## EXERCISE REQUIREMENTS
A stretch of the entries below is to be set down exactly, running from the line with "Este T2  foi" through the line with "Bộ Chia USB", both included, and no other line.

[INPUT FOR THIS TASK]

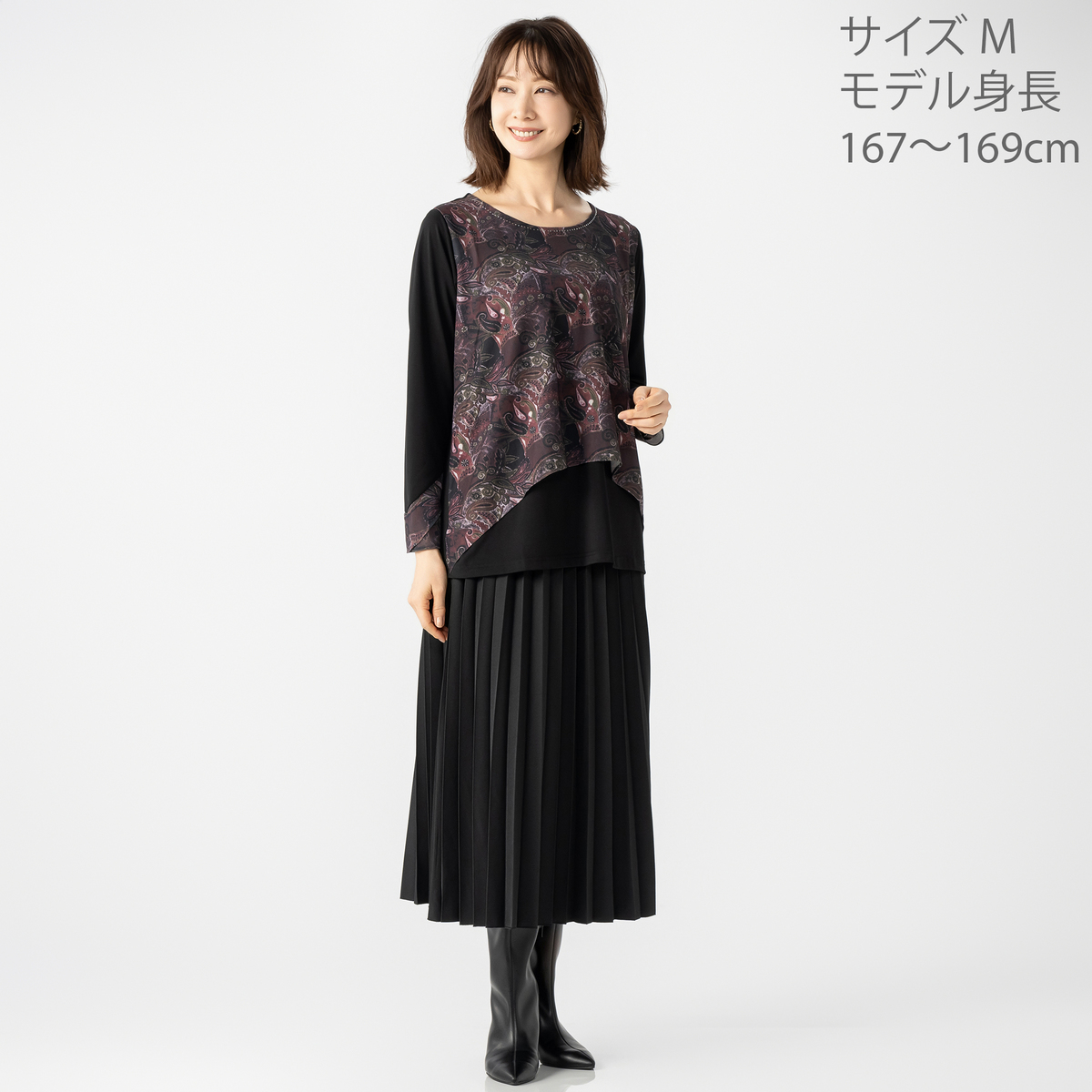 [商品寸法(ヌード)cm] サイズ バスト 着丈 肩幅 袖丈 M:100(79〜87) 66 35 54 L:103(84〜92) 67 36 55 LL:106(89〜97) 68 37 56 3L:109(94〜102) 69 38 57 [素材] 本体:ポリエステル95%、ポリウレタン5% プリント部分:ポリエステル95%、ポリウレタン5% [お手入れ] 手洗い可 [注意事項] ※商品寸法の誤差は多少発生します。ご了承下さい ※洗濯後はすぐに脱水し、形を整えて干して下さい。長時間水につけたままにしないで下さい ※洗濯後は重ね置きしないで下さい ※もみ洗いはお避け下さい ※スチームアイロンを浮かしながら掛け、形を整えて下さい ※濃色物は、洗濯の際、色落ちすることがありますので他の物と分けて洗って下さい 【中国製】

[/INPUT FOR THIS TASK]
[INPUT FOR THIS TASK]

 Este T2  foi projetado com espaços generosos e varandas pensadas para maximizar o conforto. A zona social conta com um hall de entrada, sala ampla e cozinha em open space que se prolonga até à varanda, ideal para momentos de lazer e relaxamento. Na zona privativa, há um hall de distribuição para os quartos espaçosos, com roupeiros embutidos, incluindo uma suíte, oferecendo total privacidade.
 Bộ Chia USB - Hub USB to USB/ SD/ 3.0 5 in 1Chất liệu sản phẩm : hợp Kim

[/INPUT FOR THIS TASK]

## EXERCISE OUTPUT
 Este T2  foi projetado com espaços generosos e varandas pensadas para maximizar o conforto. A zona social conta com um hall de entrada, sala ampla e cozinha em open space que se prolonga até à varanda, ideal para momentos de lazer e relaxamento. Na zona privativa, há um hall de distribuição para os quartos espaçosos, com roupeiros embutidos, incluindo uma suíte, oferecendo total privacidade.
 Bộ Chia USB - Hub USB to USB/ SD/ 3.0 5 in 1Chất liệu sản phẩm : hợp Kim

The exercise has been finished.